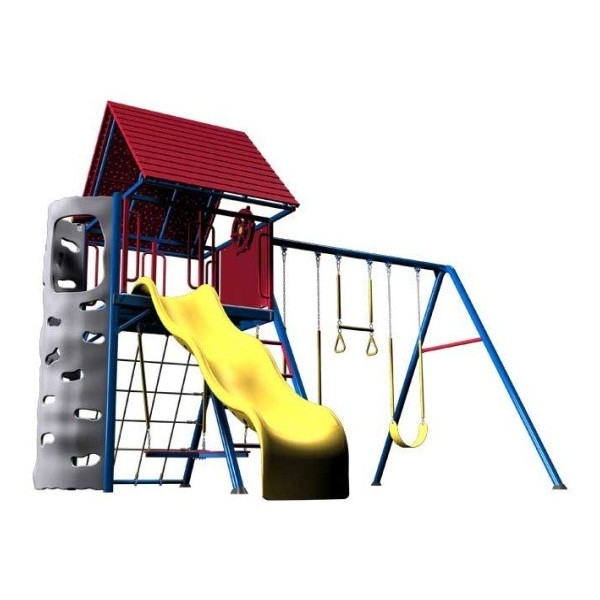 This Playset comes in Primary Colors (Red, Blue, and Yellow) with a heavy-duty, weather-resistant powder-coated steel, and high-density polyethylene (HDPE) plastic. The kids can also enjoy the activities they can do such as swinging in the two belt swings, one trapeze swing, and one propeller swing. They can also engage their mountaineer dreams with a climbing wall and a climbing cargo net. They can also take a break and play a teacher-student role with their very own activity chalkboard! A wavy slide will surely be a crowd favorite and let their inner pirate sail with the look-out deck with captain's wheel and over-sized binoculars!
==========
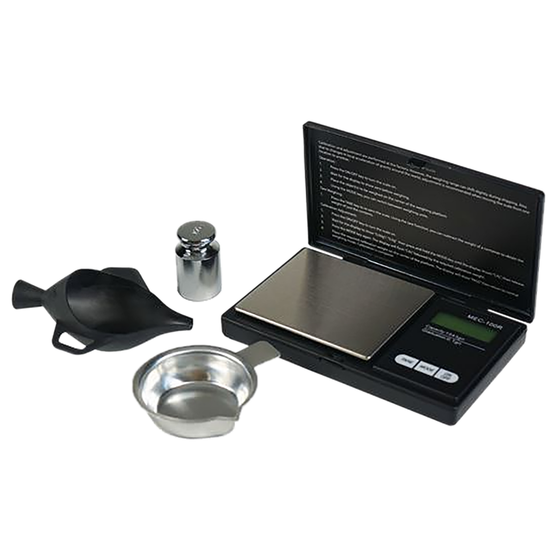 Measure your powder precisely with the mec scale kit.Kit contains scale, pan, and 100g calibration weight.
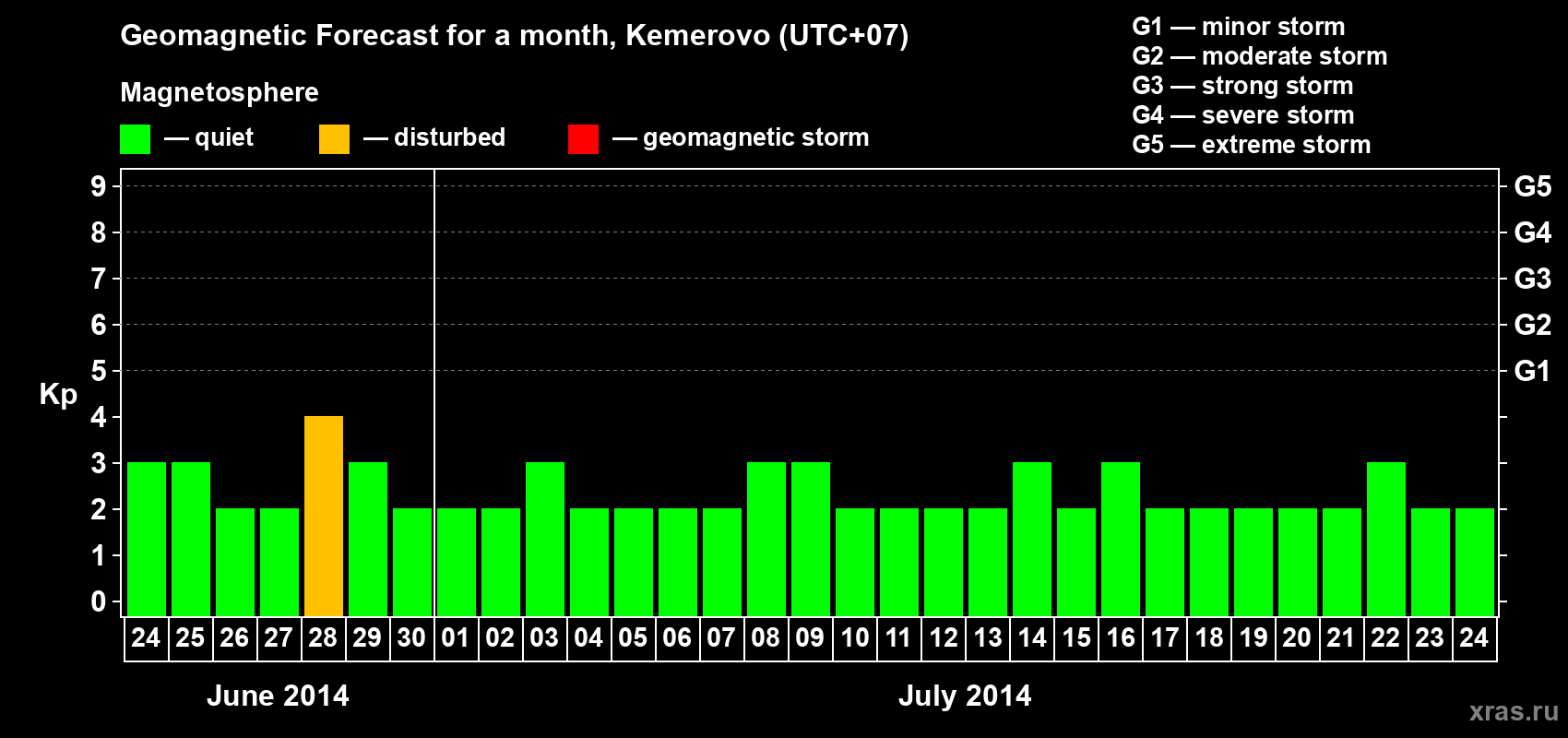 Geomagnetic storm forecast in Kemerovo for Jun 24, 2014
==========
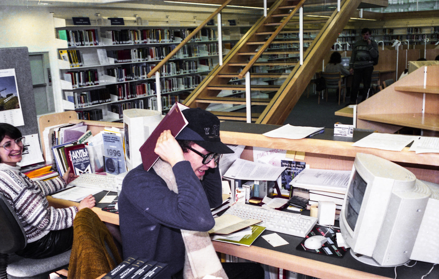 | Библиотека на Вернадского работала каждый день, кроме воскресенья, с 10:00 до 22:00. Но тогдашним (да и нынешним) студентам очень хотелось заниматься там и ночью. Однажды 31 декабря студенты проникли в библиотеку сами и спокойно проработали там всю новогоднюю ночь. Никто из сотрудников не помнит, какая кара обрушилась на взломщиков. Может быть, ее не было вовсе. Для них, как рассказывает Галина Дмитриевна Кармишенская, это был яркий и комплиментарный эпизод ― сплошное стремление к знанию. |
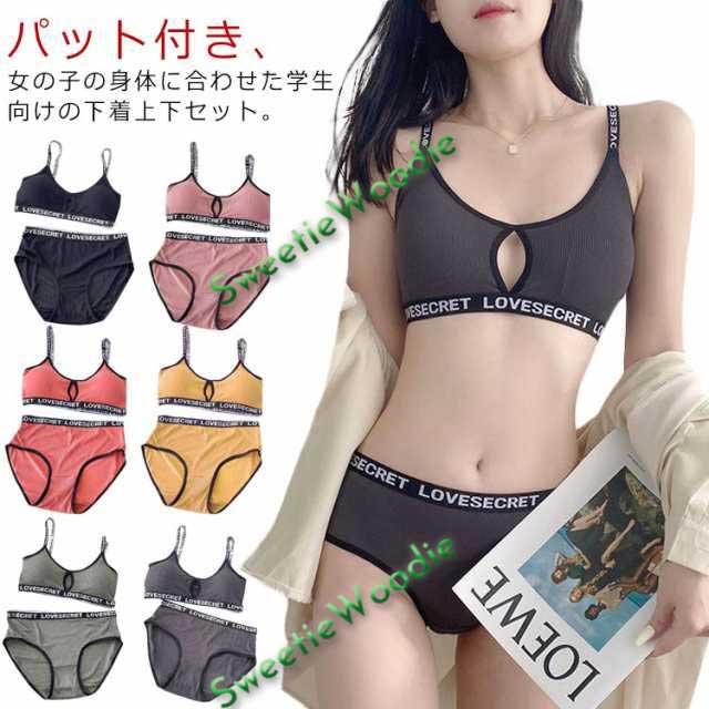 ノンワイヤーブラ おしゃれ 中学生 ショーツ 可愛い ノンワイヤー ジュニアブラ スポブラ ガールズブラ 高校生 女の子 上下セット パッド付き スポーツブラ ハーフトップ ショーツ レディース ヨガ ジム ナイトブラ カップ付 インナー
==========
Description of the task:
Leaving every picture aside, reproduce exactly the lines above from the one with "к знанию. |" up to and including the one with "ノンワイヤーブラ おしゃれ 中学生", and no others.

Response box:
 | Библиотека на Вернадского работала каждый день, кроме воскресенья, с 10:00 до 22:00. Но тогдашним (да и нынешним) студентам очень хотелось заниматься там и ночью. Однажды 31 декабря студенты проникли в библиотеку сами и спокойно проработали там всю новогоднюю ночь. Никто из сотрудников не помнит, какая кара обрушилась на взломщиков. Может быть, ее не было вовсе. Для них, как рассказывает Галина Дмитриевна Кармишенская, это был яркий и комплиментарный эпизод ― сплошное стремление к знанию. |
 ノンワイヤーブラ おしゃれ 中学生 ショーツ 可愛い ノンワイヤー ジュニアブラ スポブラ ガールズブラ 高校生 女の子 上下セット パッド付き スポーツブラ ハーフトップ ショーツ レディース ヨガ ジム ナイトブラ カップ付 インナー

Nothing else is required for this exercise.